TimeCapsuleLLM: LLM trained only on data from 1800-1875

Idea: Time-Limited Training as AGI Test

  • Many propose training a powerful model only on pre‑1900 (or similar) data and testing whether it can “rediscover” relativity, QM, or other major theories.
  • If it could derive anything substantially correct from period knowledge plus experimental results, some see that as strong evidence LLMs can do more than regurgitate.
  • Others argue the result would be uninformative or too easy to contaminate with post‑cutoff data.

Feasibility and Data Limitations

  • Major obstacle: not enough digitized, high‑quality pre‑1900 text to reach modern frontier scales; surviving text is skewed toward elites, newspapers, and tertiary sources.
  • OCR noise and metadata leaks are pervasive; avoiding post‑1900 contamination is hard.
  • Lack of era‑appropriate RLHF is another practical blocker.

Debate: Do LLMs “Think”?

  • One camp: LLMs are just token predictors, not capable of genuine reasoning or creating new paradigms; human cognition uses richer mechanisms than pattern continuation.
  • Counter‑camp: even if the training objective is next‑token prediction, internal representations can encode concepts and world models; emergent “concept manipulation” is argued and supported by interpretability work.
  • Some suggest language/token manipulation may be more central to human thought than assumed—but probably still not the whole story.

Einstein, Relativity, and Scientific Discovery

  • Several note that by 1900 many “building blocks” of relativity and QM existed (experiments, math, partial theories).
  • Disagreement centers on whether synthesis required uniquely human “abductive leaps” and willingness to reject prevailing axioms, or whether a large model could, in principle, find similar theories by recombining literature and simulated experiments.
  • Even if it could match Einstein once, it’s unclear whether such a system could keep pushing science forward indefinitely.

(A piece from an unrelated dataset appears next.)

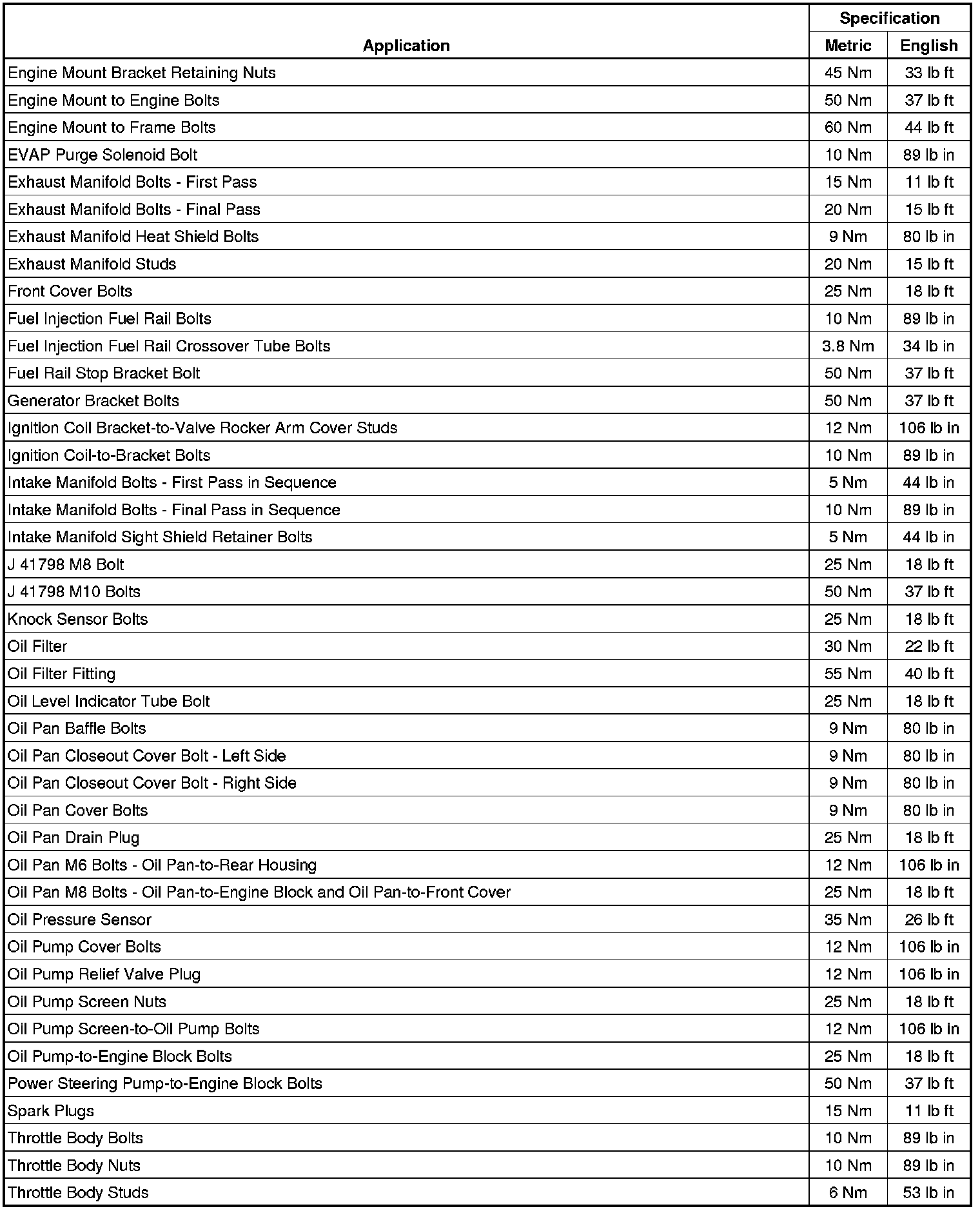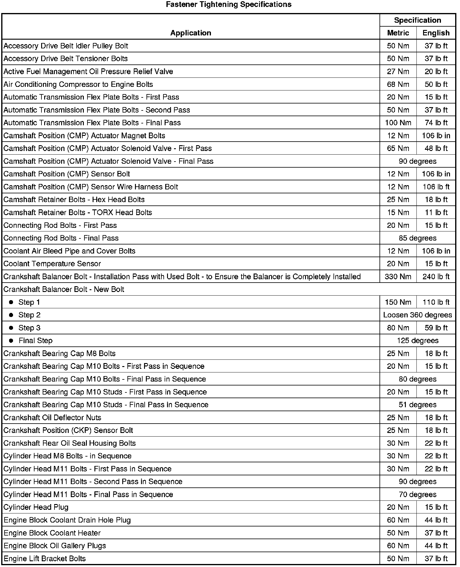 Fastener Tightening Specifications

Alternative Evaluations and Benchmarks

  • Suggestions include:
    • Training era‑cutoff models and testing them on future corpora as compression/perplexity benchmarks.
    • Time‑sliced SWE and science benchmarks (pre‑date training vs post‑date evaluation).
    • Letting a pre‑cutoff model propose experiments while “nature” is simulated by humans or code.

Historical Simulation, Bias, and Use Cases

  • Many are excited about models that “speak from” a given era to expose historical mindsets, biases, and blind spots.
  • Others caution that such models reflect archival survivorship bias and may overrepresent official or elite voices.
  • Some see value in copyright‑clean, cutoff models as research tools and for safer experimentation.

Current TimeCapsuleLLM Quality and Engineering Notes

  • Users report outputs often resemble a Markov chain: repetitive, incoherent, and not chat‑ready.
  • Models are small (hundreds of millions of parameters) and lack serious post‑training or instruction tuning, limiting their usefulness beyond the proof‑of‑concept.
  • Calls for better dataset release, curation, reproducible scripts, and easy chat/web demos are common.